In particular, it praises the decision to sell third-party clothing brands such as Sosandar, Joules and Jaeger on the website and in store to drive footfall, with product innovation and cost efficiencies also delivering a better margin performance in food.
The company last paid a dividend at the half-year stage of 2019-20, but with the help of further underlying sales growth and cost efficiencies, Deutsche Bank thinks a resumption is on the cards as the balance sheet now looks to be in much better shape.
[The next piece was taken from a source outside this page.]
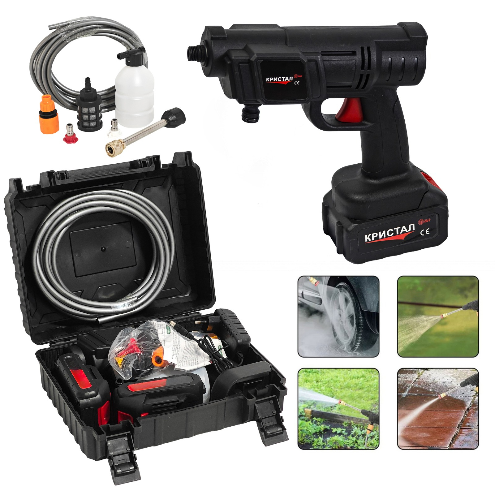 Aparatul de spălat cu presiune DDT- KRISTAL este o soluție modernă, portabilă și extrem de practică pentru curățarea eficientă a diferitelor suprafețe, fără a fi nevoie de racordare la rețeaua de apă sau la priză. Funcționează pe bază de acumulator, ceea ce îl face ideal pentru utilizare în zone fără acces direct la utilități. Datorită designului compact, greutății reduse și accesoriilor incluse, acest aparat este potrivit atât pentru uz casnic, cât și pentru utilizatori care doresc mobilitate și rapiditate în operațiunile de curățare.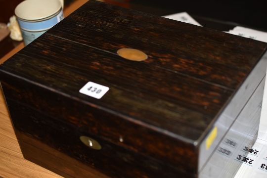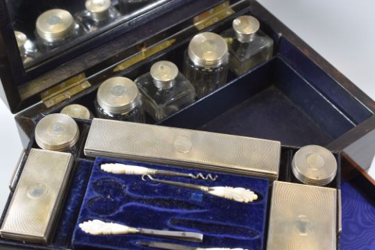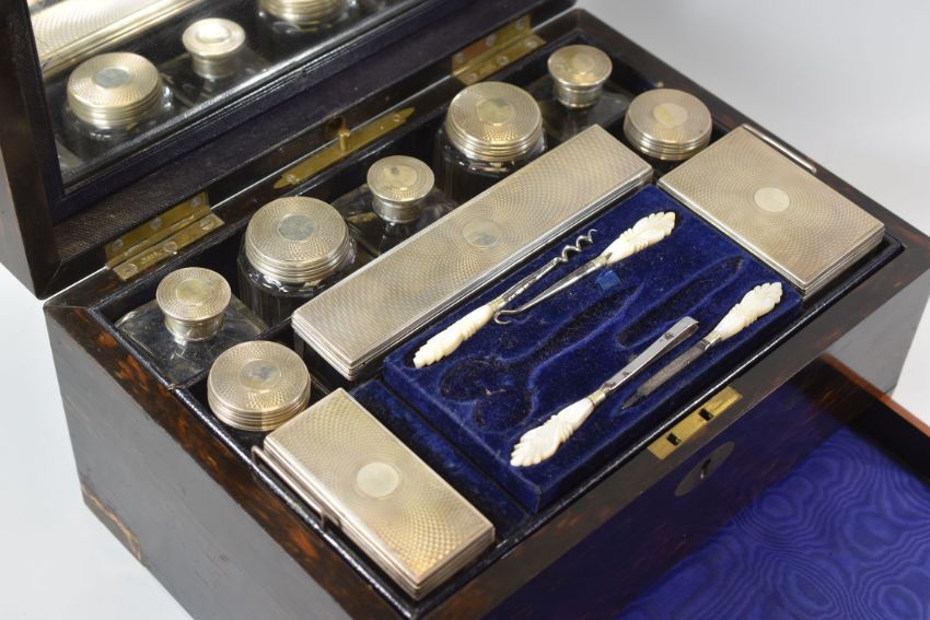 A COROMANDEL VANITY BOX WITH FITTED SILVER CONTENTS bearing maker's label for Stocken & Co, the hinging lid with mirrored interior and with button for release of base drawer, near complete contents including ten glass containers with machine turned silver lids, marks for Pittway Bros, London 1860 Provenance: collection of folk-singer Mary Hopkin Condition Report: externally the veneer has rippled and lifted slightly particularly on the top, the contents are in good condition without damage to glass or silver, the mirror is also in good condition without notable silvering or cracks etc

While M&S is reinventing itself as an omni-channel clothing retailer, Deutsche Bank said rival Next continues to show how it’s done after finding profitable new revenues stream at the same time as managing its historic store liabilities.
Its early investment into online has mitigated the impact from lower in-store sales, with customer loyalty and group profits underpinned by a high margin financing offer.
Calling Next “a lesson in evolution”, Deutsche Bank is backing the shares to reach a record 9,200p compared with today's 8,020p and the previous high of 8,404p set in April.
In addition to benefiting from the general consumer shift online, the bank's analysts said the future of the group lies in the ability to export the Next brand overseas.
ASOS and Boohoo saw a significant step-up in sales and profitability during the pandemic, with Deutsche Bank initiating coverage on the AIM-listed stocks with “buy” recommendations and upsides of 32% and 41% to price targets of 5,400p and 400p respectively.
The bank, however, expects fast fashion will see volumes decline and input costs rise over the coming decade as consumers become more aware of their environmental footprint.
On Boohoo, it sees sales growth remaining in the 20-25% range for the next five years and said steps being undertaken on improving culture and relationships with suppliers appear robust.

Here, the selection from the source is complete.